Three main themes are explored in a very practical way:
1. The foundations of data modelling – what a data model really is, and maximising its relevance
2. The human side of data modelling - improving communication skills and engaging the business
3. The complex side of data modelling - getting better at modelling difficult situations
• Apply a variety of techniques that support the active participation and engagement of business professionals and subject matter experts;
• Use entity-relationship modelling to depict facts and rules about business entities at different levels of detail, including conceptual (overview) and logical (detailed) models;
• Learn an easy, language-oriented approach to initiating development of a data model;
• Recognise the four basic patterns in data modelling, and when to use them;
• Effectively use definitions and assertions (“rules”) as part of data modelling;
• Use an intuitive approach to data normalisation within an entity-relationship model;
• Apply various techniques for discovering and meeting additional requirements ;
• Read a data model, and communicate with specialists using the appropriate terminology.
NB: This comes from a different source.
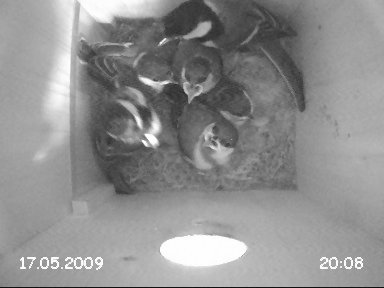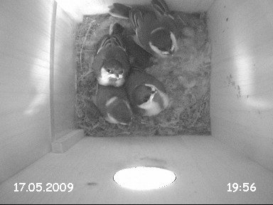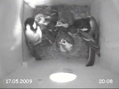 Hier nun ein paar Bilder und Clips. Eigentlich hatte ich vorgehabt, mehrere Videoclips - auch Außenaufnahmen - zusammenzuschneiden, doch leider ist mir der $©µ€¡§ "Windows Video Maker" dabei ständig abgesemmelt - daher hier nur 2 unbearbeitete "Rohclips" direkt aus der Nistkasten-Kamera:

• Understand “the four Ds of data modelling” – definition, dependency, demonstration, and detail;
• Be able to implement lists, trees, and networks with recursive relationships;
• Know how and when to use supertypes/subtypes (generalisation/specialisation) vs. roles vs. both;
• Combine subtyping and recursion, as appropriate, to model difficult rules;
• Recognise the “category vs. types vs. instances” problem, and model reference data properly;
• Model “vectors” (attibutes that repeat a fixed number of times) properly – entity or attribute?;
• Use complex associations and relationship constraints to handle complex rules;
• Handle circular relationships and cyclic dependencies properly with advanced normal forms;
• Model history, corrections, and time-dependent business rules with “temporal data models”;
• Understand the connection between analytic data structures (star schema or dimensional models) and ER models;
• Rapidly develop a first-cut dimensional model from a well-structured ER model;
• Prepare and deliver a data model review presentation.
Roles that are currently benefitting from this workshop include:
• Specialist data modellers, data architects, data analysts, and DBAs who wish to hone their skills.
• Business analysts, business architects, enterprise architects, and application architects
• Application / solution developers (especially on Agile teams)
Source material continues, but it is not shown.